APT XVIII No. 1 & 2 1986CANADIAN INVENTORY OF HISTORIC BUILDING
By Christina Cameron
The Canadian Inventory of Historic Buildings is an architectural archive created and maintained by the National Historic Parks and Sites Branch of Environment Canada, Parks. A research tool of international reputation, the CHIB, as the inventory is known, has one of the most advanced systems to survey a stock of buildings. The collection includes micrographic, cartographic and documentary records of Canada’s built heritage covering a random sample of buildings from the 17th-century to about 1920.
The origin of the CIHB can be traced to recommendations from the Massey-Levesque report of the Royal Commission on the National Development of the Arts, Letters and Sciences, 1949-1951, which decried the lamentable state of Canada’s heritage buildings and urgently called for increased federal activity in their identification, commemoration and protection.
The federal government responded by passing the Historic Sites and Monuments Act (1952-1953) which confirmed the Historic Sites and Monuments Board of Canada in its powers to advise the Minister respecting the commemoration, preservation and maintenance of historic places of national significance. What constituted national architectural significance was defined as:
the distinguishing characteristics of an architectural type exceptionally valuable for the study of a style or method of construction or its period or...a notable example of the work of an early master builder, designer of architect.

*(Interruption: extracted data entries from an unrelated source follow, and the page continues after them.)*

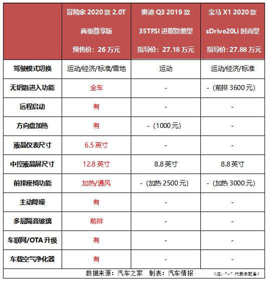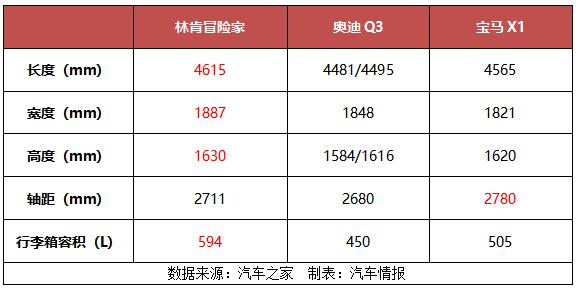 就拿售價同在26萬元上下的奧迪Q3 2019款35TFSI進取致雅型(下稱奧迪Q3)、寶馬X1 2020款sDrive20Li 時尚型(下稱寶馬X1)和冒險家2020款2.0T兩驅尊享版(下稱林肯冒險家)進行比較,結果自然是一目了然。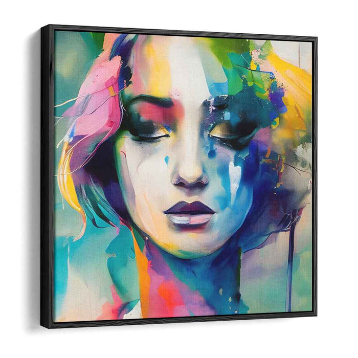 The subject of this piece, delicately detailed in a watercolor style, exudes serene beauty amidst the kaleidoscope of colors. With closed eyes, she emanates a dreamy and introspective aura, inviting contemplation and reflection. The bold use of bright, contrasting colors and fluid brushstrokes infuse the artwork with a sense of movement and spontaneity, echoing the emotional depth of modern expressionism.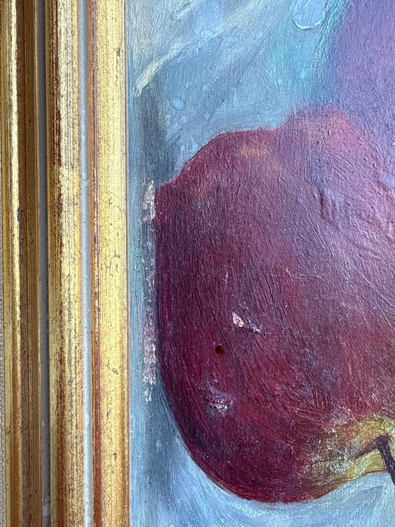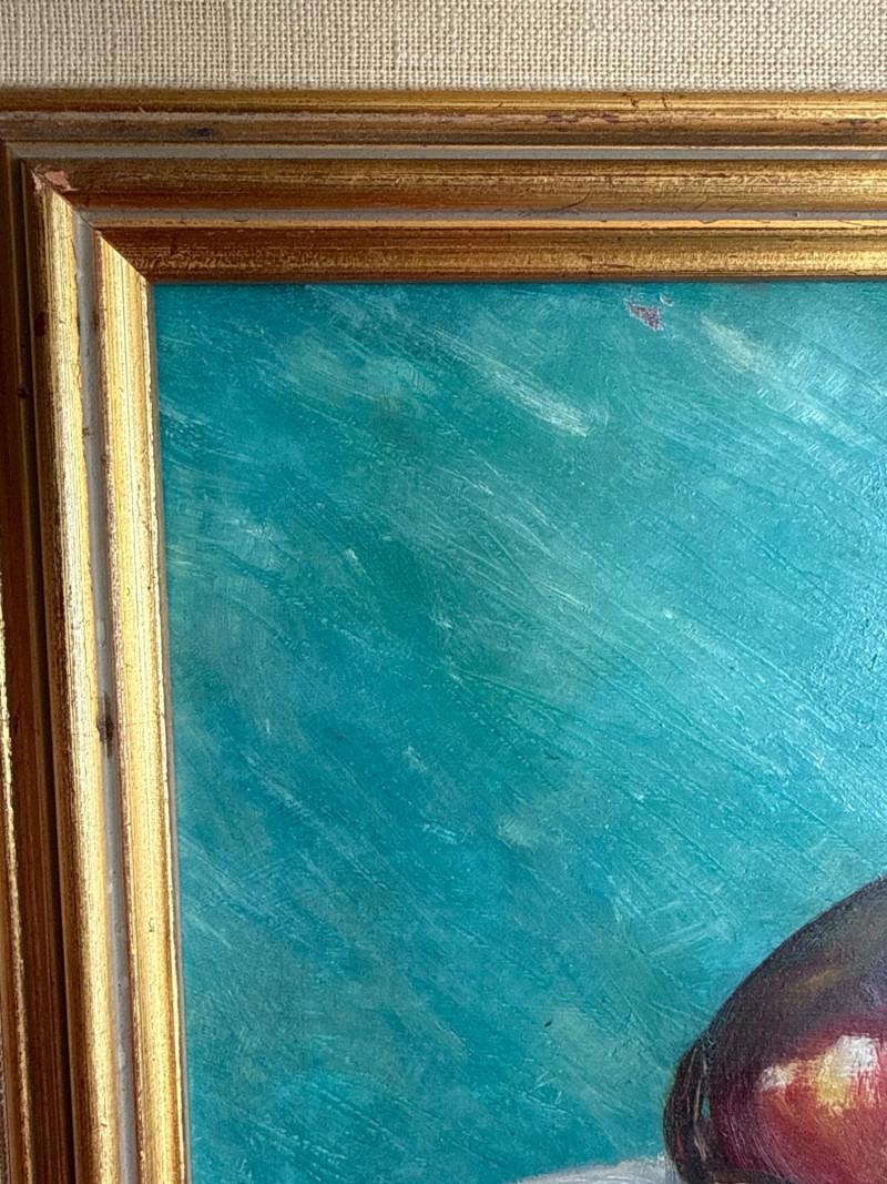 Textured Still Life Oil Painting - Fruit on Turquoise A striking and colorful original still life painting featuring a bowl of cherries set against a brilliant turquoise background. The artist utilizes a heavy impasto technique to create a rich, tactile surface. Housed in a sophisticated double-layered gold and cream wood frame. Size: 17.25" x 15.5" (Framed) Medium: Oil or Acrylic on board/canvas Style: Impressionist Still Life Condition: Excellent; frame shows minor vintage character. Signature unrecognizable.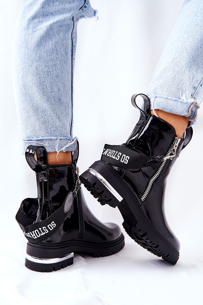 Skórzane Lakierowane Botki Z Suwakiem Czarne Cortona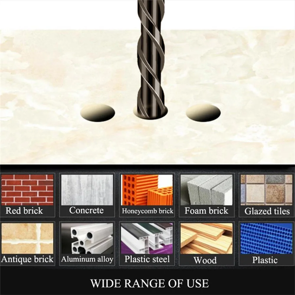 ● Подходит для «сухих сверл»: железо, медь, алюминиевый сплав, дерево, пластик, застекленный кирпич, античный кирпич, бетон, пузырьковый кирпич, красный кирпич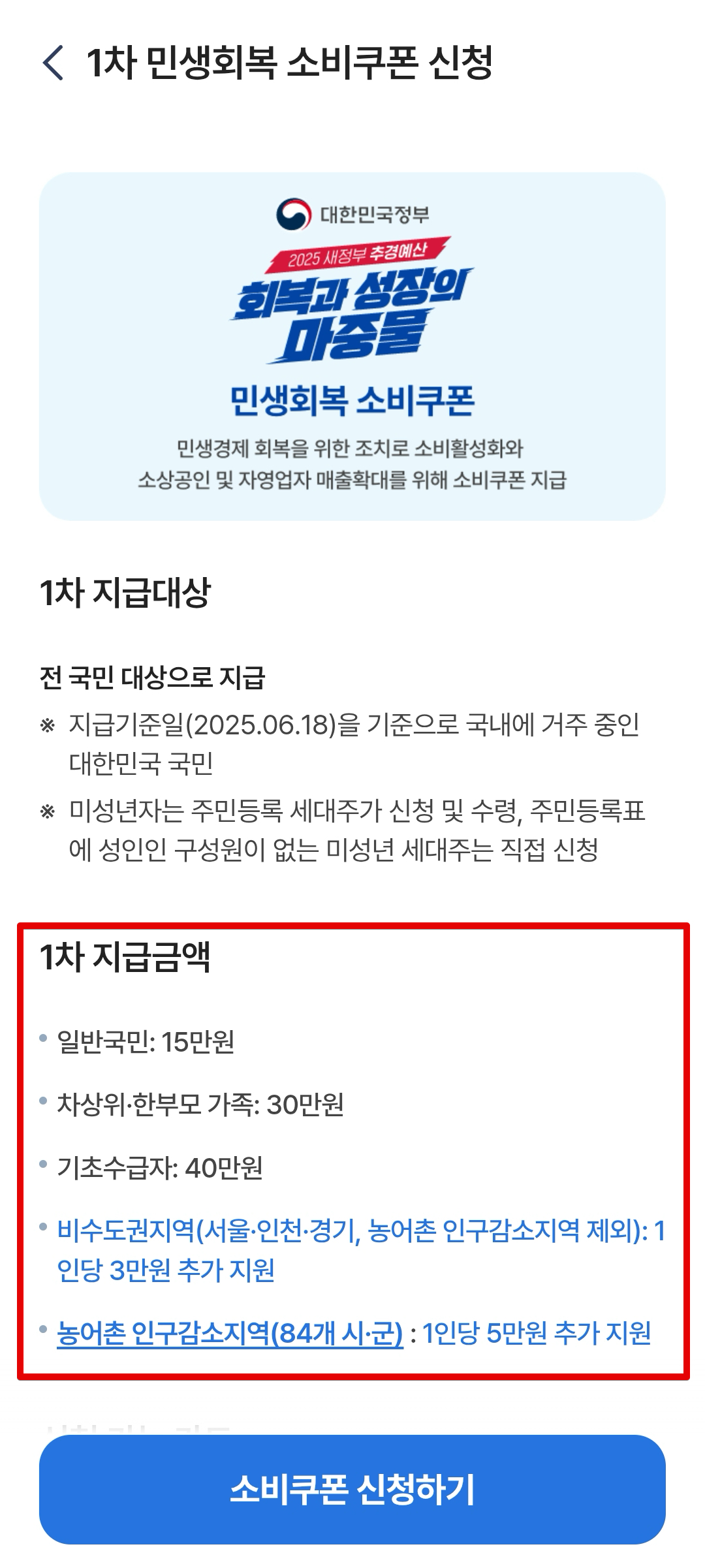 접속해서 들어가면 [1차 민생회복 소비쿠폰 신청] 버튼이 보이고 이쪽을 클릭하면 된다. 1차 지급금액은 거주지역에 따라 금액이 달라지는데 일반국민은 15만원이지만, 비수도권은 3만원 추가, 농어촌 인구감소지역은 5만원이 추가되어서 18만원~20만원이 지급금액이 된다.
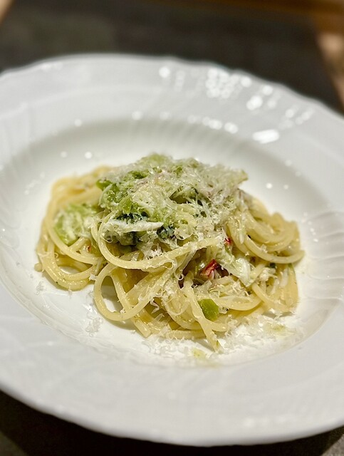 ~オホーツクの毛蟹とチーマディラーパのアーリオエフッロ。野菜は地元でしか流通しない特殊な野菜のチーマディラーパと蕪の葉っぱ。めちゃめちゃ良い香りが漂う。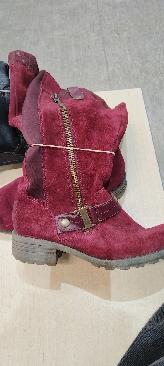 1. Сапожки из натуральной замши, красивого брусничного цвета. В идеале. Остались в магазине. Наверное размер никому не подошел, а это был 36- й.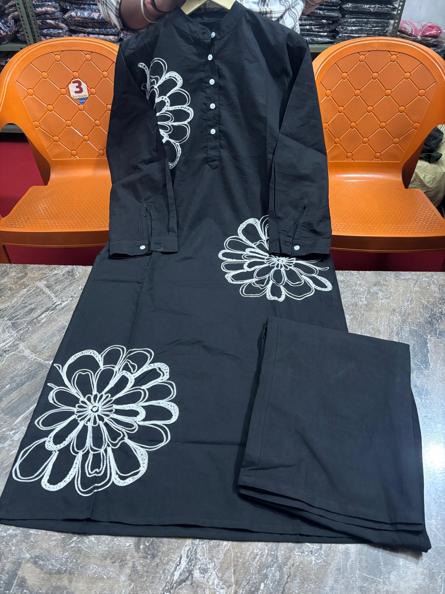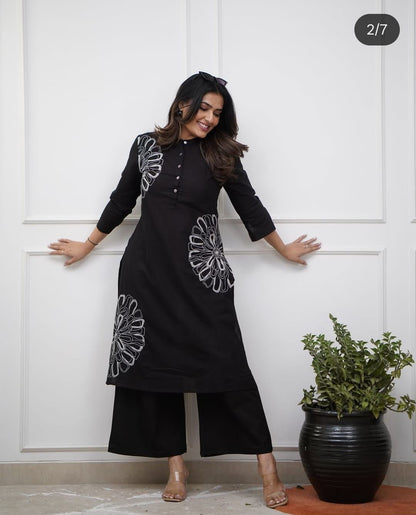 Black Embroidered Cotton Kurti Pant Set with 3/4 Sleeves

Such a global definition clearly challenged the research capacity of the Department. The paucity of research information on Canadian buildings pointed up the need for a comprehensive inventory. After two abortive attempts to undertake manual inventories, the Department, with the collaboration of several provinces and municipalities, resolved in 1970 to launch the CIHB, the first computerized architectural inventory ever created. It was intended as a research and planning tool that would permit the judicious assessment of buildings within the totality of the country’s architectural heritage and would avoid the premature commitment of funds to one building without knowledge of what similar structures existed. In other words, the CIHB would provide comparative data that would ensure that scarce conservation resources would be allocated in a rational way for the preservation of structures of national architectural significance.
The CIHB exterior recording system captured information about location, use, architect and builder as well as many descriptive details about the building’s exterior appearance. It used a simplified fixed-form recording method with forms that could be filled out by relatively unskilled recorders and a computerized filing system that allowed flexible, multiple access to the data. The descriptive fields were inspired by the pioneering work of Professor R.W. Brunskill at the University of Manchester, who developed models for the exterior recording of vernacular building in England. His method was published in R.W. Brunskill, “A Systematic Procedure for Recording English Vernacular Architecture,” Ancient Monuments Society’s Transactions, Vol. 13 (1965-1966), pp.43-126. The unique contribution of the CIHB was the application of computer technology to this recording method...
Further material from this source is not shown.